How can we make sure that all of our brilliant innovations actually play a role in patients' lives?"Having to spend hours in waiting rooms or getting stuck in traffic yet again on your way to an appointment with the specialist."

eHealth funding

We have to at least make innovations available to large groups of patients, which is certainly not the norm in this day and age. But things are changing.

Daan Dohmen, the CEO van FocusCura, announced in his keynote speech that patients with heart failure or other cardiovascular issues can receive cVitals and cContact as part of their regular care. This means fewer unnecessary hospital visits, and patients can see for themselves how they are doing and can communicate with the health care professional.

This is definitely a revolutionary idea! Not so much that the insurance company is covering the cost of the care (that's not a new idea), but the fact that the insurance company is willing to purchase this care on a large scale, in this case from Cardiologie Centra Nederland, and cover the costs. Now that one insurance company has been willing to take this step, surely others will follow suit!
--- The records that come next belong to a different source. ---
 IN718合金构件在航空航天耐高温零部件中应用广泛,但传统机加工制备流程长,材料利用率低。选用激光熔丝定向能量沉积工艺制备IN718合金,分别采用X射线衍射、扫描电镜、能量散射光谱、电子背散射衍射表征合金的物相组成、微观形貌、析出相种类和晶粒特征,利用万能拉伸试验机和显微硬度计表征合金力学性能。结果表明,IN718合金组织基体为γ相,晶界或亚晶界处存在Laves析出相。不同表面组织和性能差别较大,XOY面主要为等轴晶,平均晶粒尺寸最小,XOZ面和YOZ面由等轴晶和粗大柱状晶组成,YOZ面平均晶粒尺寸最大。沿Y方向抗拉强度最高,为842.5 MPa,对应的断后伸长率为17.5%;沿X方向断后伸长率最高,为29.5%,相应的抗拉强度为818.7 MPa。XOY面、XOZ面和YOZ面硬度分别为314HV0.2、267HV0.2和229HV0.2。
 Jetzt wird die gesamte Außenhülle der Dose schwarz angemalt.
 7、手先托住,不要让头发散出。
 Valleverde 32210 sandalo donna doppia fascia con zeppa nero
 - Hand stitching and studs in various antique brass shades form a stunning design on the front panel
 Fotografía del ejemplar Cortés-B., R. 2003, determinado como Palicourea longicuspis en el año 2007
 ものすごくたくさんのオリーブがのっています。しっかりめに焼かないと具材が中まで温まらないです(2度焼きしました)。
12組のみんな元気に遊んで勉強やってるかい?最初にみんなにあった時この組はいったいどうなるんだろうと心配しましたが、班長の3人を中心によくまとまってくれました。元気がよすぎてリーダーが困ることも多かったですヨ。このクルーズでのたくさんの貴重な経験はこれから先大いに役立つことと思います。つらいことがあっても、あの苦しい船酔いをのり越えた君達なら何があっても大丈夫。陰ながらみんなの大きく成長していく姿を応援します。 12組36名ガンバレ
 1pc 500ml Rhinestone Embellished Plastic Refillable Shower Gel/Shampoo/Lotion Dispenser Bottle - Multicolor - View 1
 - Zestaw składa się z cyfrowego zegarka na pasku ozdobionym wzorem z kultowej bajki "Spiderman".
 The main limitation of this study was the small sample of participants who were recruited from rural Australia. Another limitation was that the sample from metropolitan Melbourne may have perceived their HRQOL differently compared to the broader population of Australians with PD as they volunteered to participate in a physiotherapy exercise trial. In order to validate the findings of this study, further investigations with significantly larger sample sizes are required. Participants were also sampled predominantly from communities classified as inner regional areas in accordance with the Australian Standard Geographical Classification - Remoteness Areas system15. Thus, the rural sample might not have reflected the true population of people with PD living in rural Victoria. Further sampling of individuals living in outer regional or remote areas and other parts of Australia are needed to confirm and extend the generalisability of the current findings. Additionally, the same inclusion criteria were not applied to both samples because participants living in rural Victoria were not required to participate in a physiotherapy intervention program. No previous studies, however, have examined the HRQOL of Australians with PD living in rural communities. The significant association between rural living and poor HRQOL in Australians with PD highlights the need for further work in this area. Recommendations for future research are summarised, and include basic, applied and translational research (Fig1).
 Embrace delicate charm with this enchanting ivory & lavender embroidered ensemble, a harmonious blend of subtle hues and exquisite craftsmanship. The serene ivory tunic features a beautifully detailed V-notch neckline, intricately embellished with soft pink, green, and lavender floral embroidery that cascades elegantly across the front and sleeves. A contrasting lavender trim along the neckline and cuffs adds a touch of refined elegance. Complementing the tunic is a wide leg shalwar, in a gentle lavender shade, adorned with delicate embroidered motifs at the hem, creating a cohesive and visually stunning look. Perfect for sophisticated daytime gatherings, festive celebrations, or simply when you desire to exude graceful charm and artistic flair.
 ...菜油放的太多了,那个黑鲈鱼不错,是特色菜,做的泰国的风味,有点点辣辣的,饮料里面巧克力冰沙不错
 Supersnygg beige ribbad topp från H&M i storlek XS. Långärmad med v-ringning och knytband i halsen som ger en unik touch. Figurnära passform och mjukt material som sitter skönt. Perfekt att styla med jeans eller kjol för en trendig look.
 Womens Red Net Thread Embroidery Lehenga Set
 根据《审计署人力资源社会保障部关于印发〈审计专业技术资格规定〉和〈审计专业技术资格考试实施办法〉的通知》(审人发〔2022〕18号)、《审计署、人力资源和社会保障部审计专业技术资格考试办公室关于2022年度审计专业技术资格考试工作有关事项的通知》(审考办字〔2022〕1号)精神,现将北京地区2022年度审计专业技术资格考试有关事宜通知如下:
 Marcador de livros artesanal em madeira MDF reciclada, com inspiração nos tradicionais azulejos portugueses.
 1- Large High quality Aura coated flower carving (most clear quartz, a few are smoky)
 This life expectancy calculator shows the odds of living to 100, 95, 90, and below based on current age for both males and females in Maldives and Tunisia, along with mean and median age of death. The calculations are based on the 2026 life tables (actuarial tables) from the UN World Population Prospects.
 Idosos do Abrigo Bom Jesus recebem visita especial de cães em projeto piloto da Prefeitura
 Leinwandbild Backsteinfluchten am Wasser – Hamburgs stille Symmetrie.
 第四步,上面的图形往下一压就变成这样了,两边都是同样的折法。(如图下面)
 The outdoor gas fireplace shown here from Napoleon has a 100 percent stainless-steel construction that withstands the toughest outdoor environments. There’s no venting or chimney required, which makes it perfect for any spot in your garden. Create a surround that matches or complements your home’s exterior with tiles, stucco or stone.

Does this mean that all the hospitals will just disappear?

How will this change the care that hospitals provide in the future? Professor Leonard Witkamp, the director of KSYOS TeleMedical Center, proposed that by 2030 hospitals will be a thing of the past! Will hospitals have been turned into monuments, just like the former stock exchange building the Beurs van Berlage in Amsterdam (where the eHealth convention is being held)? The foundation appears to have been laid.

In any case, hospitals will not be able to continue in the way they are currently organized. Health care will have to focus on the individual patient. Or as Edith Schippers, the Dutch Minister of Health, Welfare and Sport, put it, health care will have to move "from the waiting room to the living room.""Will hospitals be turned into monuments, just like the former stock exchange building the Beurs van Berlage in Amsterdam?"

The number of hospital admissions and readmissions will fall as a result of better prevention using eHealth, as will the number of appointments with outpatient clinics. This in turn will mean that hospitals will be forced to embrace eHealth in order to make sure that insurance companies cover health care procedures in the future. And it will also mean that patients will be released much sooner after an operation.

"Be like a duck"?

We still have a lot to learn before eHealth truly becomes a standard part of health care. Using eHealth to change a patient's health care trajectory is not something that will happen on its own, even though this isn't always clear from the outside. Innovation requires a lot of hard work. Or as Professor Wouter van Solinge, the eHealth ambassador from UMC Utrecht, said, "Be like a duck - look composed and unruffled above the surface, but below the surface, paddle like crazy!"

Key message

Most of all, I learned where we need to place our priorities in order to make eHealth more successful. And that brings me back to the question from earlier: How can we make sure that innovations actually do play a role in patients' lives?

We can do that by including them as full-fledged partners in the development of innovations. The patients are the only ones who have to deal with their illnesses on a daily basis. And that means that they are the only ones who can explain exactly what will work in the field of eHealth and what won't!